Seruan akan “persaudaraan” juga digaungkan oleh radio Suara Kampung Sawah (SKS), radio komunitas Betawi warga Kampung Sawah. Radio yang mulai digagas sejak tahun 2012 menyajikan musik, budaya Betawi yang intinya menjalin persaudaraan di antara sesama warga. Berada di gelombang 105,2 FM, radius siarannya sekitar lima kilometer dari stasiun penyiaran, radio ini mulai mengudara sejak pukul 17.00 hingga tengah malam. Beberapa acaranya adalah goyang dang dut, keroncong, campursari dan diskusi mingguan. Dalam diskusi mingguan dibahas antaralain soal kearifan lokal, anak muda dan wawasan kebangsaan.

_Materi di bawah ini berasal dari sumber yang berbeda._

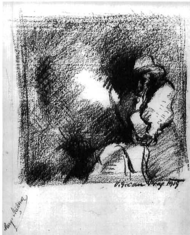
Vilko Gecan: Sjedeća figura , krejon, 1919. Privatno vlasništvo, Zagreb Vilko Gecan, Seated Figure , crayons, 1919, private collection, Zagreb

Vilko Gecan, The Angry One , Indian ink drawing, 1919. National and University Library Zagreb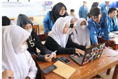
Gambar 3.6 Praktek membuat Website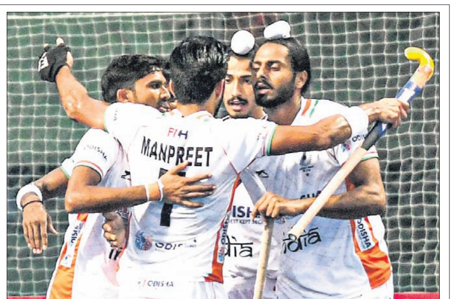
ରୁଖିବାର ପାକିସ୍ତାନକୁ ହରାଇବାପରେ ଖୁସି ପୁହୁର୍ଣ୍ଣରେ ଭାରତୀୟ ଖେଳାଳି ।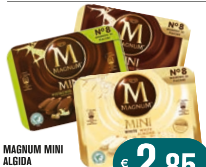
MAGNUM MINI ALGIDA X8 352G VARI GUSTI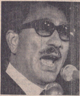
سادات خطاب به سران مصری گفت مشیت الهی حکم میکند که شما بگوییم که ما با قاطع ما چنگ است

بر اساس آییننامه ای که به هیات دولت فرستاده شد یک هواپیما با ۳ نفر مسافر ایرانی منفجر شد در صفحه ۴ پرداخت مزایای غیر مستمر کارمندان تغییر میکند * برای حق تالیف، حق و ساعتی تواما ممنوع شد * میزان حق تدریس در دانشگاههای و آموزشها تابع وزارت آموزش و پرورش تعیین شد * در صفحه ۴

Tentang kearifan lokal misalnya seperti ngerojeng yaitu ritual seseorang yang hendak memanen sawah sehari sebelum panen. Harapannya, agar sawah dapat dipanen dengan lancar. Rasa kebersamaan juga diwujudkan dalam kegiatan ngeriung bareng yang menjadi sarana untuk melestarikan nilai kerukunan dan persaudaraan yang sudah puluhan tahun dihidupi bersama.
Sebuah Indonesia mini yang menampilkan toleransi ditengah keberagaman bisa dijumpai dalam kehidupan warga di Kampung Sawah.
Sumber:
Kompas, Rabu, 21 Desember 2005, halaman 3, Kompas, Kamis, 22 Desember 2011, halaman 3, Kompas, Rabu, 20 Agustus 2014, halaman 27, Kompas, Senin, 29 Januari 2018, halaman 27.